Sonck's time with Borussia Mönchengladbach of the Bundesliga was hampered by injuries. Mönchengladbach signed him on a permanent contract, a deal initially arranged already at the start of his loan. In the summer of 2005, Sonck had three of his ribs broken after a horrific tackle by Wilfred Bouma in a goalless, meaningless friendly between Borussia Mönchengladbach and PSV Eindhoven. Sonck took six months to recover, marking his return to competitive football with a goal in a 3–1 defeat by Bayern Munich. He scored three more in 13 further Bundesliga games for Mönchengladbach until he was forced out for three months with an injury in the hollow of his knee at the start of the 2006–07 season.

===Back to Belgium===
Sonck left Gladbach at the end of the 2006–07 season, joining Club Brugge on a year-long loan deal while Borussia Mönchengladbach began playing in the second tier of the Bundesliga. Following the 2007–08 season, Sonck joined Brugge permanently for an undisclosed fee.
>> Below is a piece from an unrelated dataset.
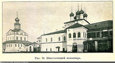 Известно, что Белогостицкий мужской монастырь был основан на левом берегу реки Вёксы в начале XV века архиепископом Ростовским Григорием. Название монастыря связывают с легендой об охоте в этих местах князя Кия, основателя Киева, жившего в белом шатре и прозванного «белым гостем». Особой известности монастырь достиг, когда его архимандритом в 1630–1646 годах стал Иона Сысоевич, впоследствии всесильный митрополит Ростовский. В середине XVII века обитель была обнесена каменной оградой с четырьмя башнями. Основу ансамбля составляли два стоящих рядом храма, построенных в 1657–1658 годах. Самую главную святыню монастыря представляла чудотворная икона Казанской Божией Матери. Эта икона прежде была домовою у князя Михаила Темкина. В Благовещенском соборе Белогостицкого монастыря под церковью находился подклет с пятью каменными гробницами рода князя Ростовского Михаила Темкина, благотворителя этой обители.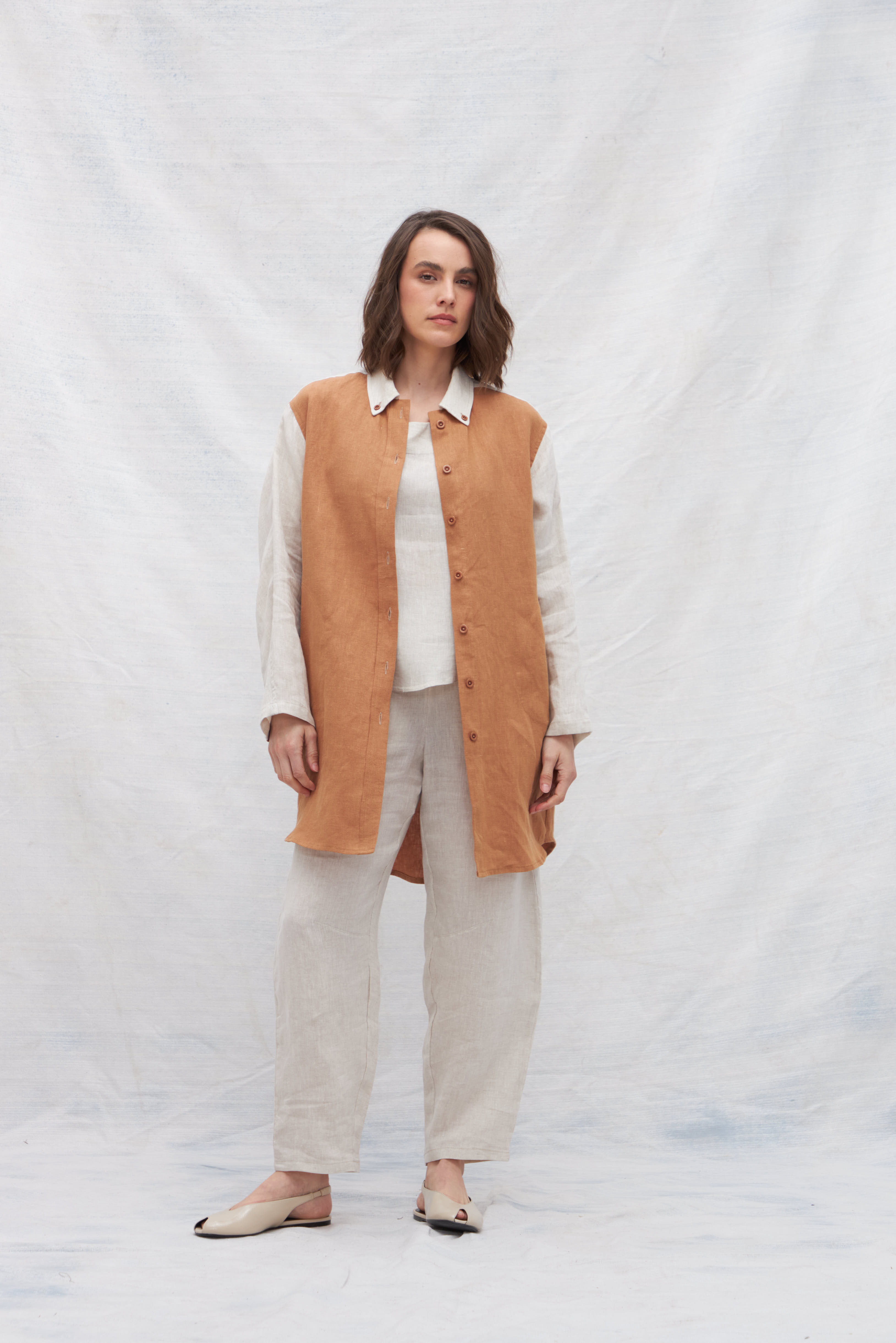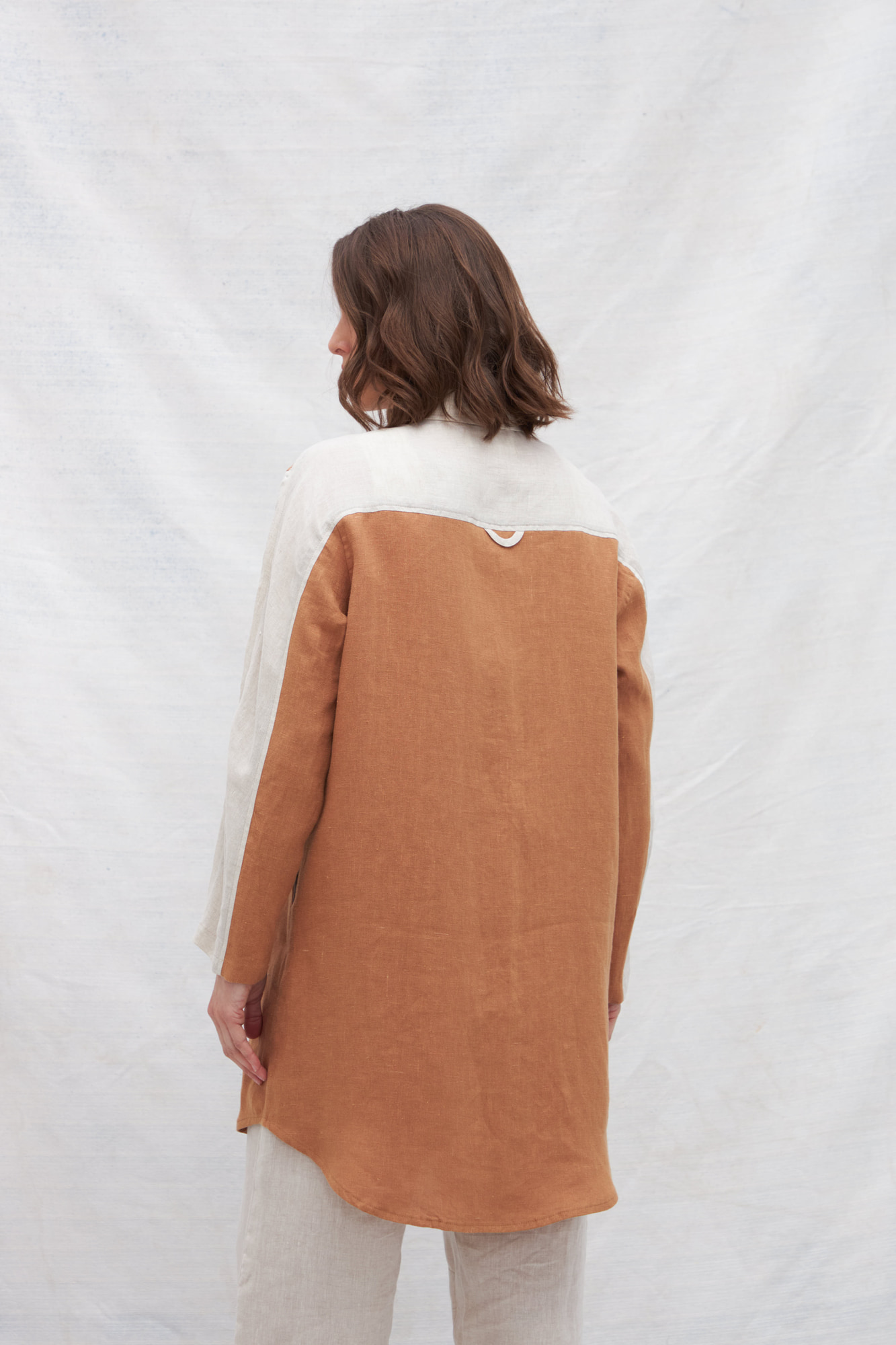 Camisa larga de lino con manga larga y bolsillos laterales. Lleva una franja en la espalda y mangas a contratono que suman un detalle de color. Puede usarse cerrada como camisa o abierta como abrigo liviano de verano.

At the end of the 2009–10 season, Sonck left Brugge to join Lierse S.K. on a free transfer having fallen out with manager Adrie Koster over contract negotiations and lack of first team action. Amongst his first goals for the club was an excellent overhead kick. Sonck was released in the summer of 2012 and spent a few months unemployed before joining newly promoted Waasland-Beveren near the end of October 2012. In January 2014 signed with 1ste Provincial Oost-Vlaanderen club KE Appelterre-Eichem, before retiring just three months later.

==International career==
Wesley Sonck was a member of the Belgian squad at the 2002 FIFA World Cup. He scored one goal in the Group stage match against Russia.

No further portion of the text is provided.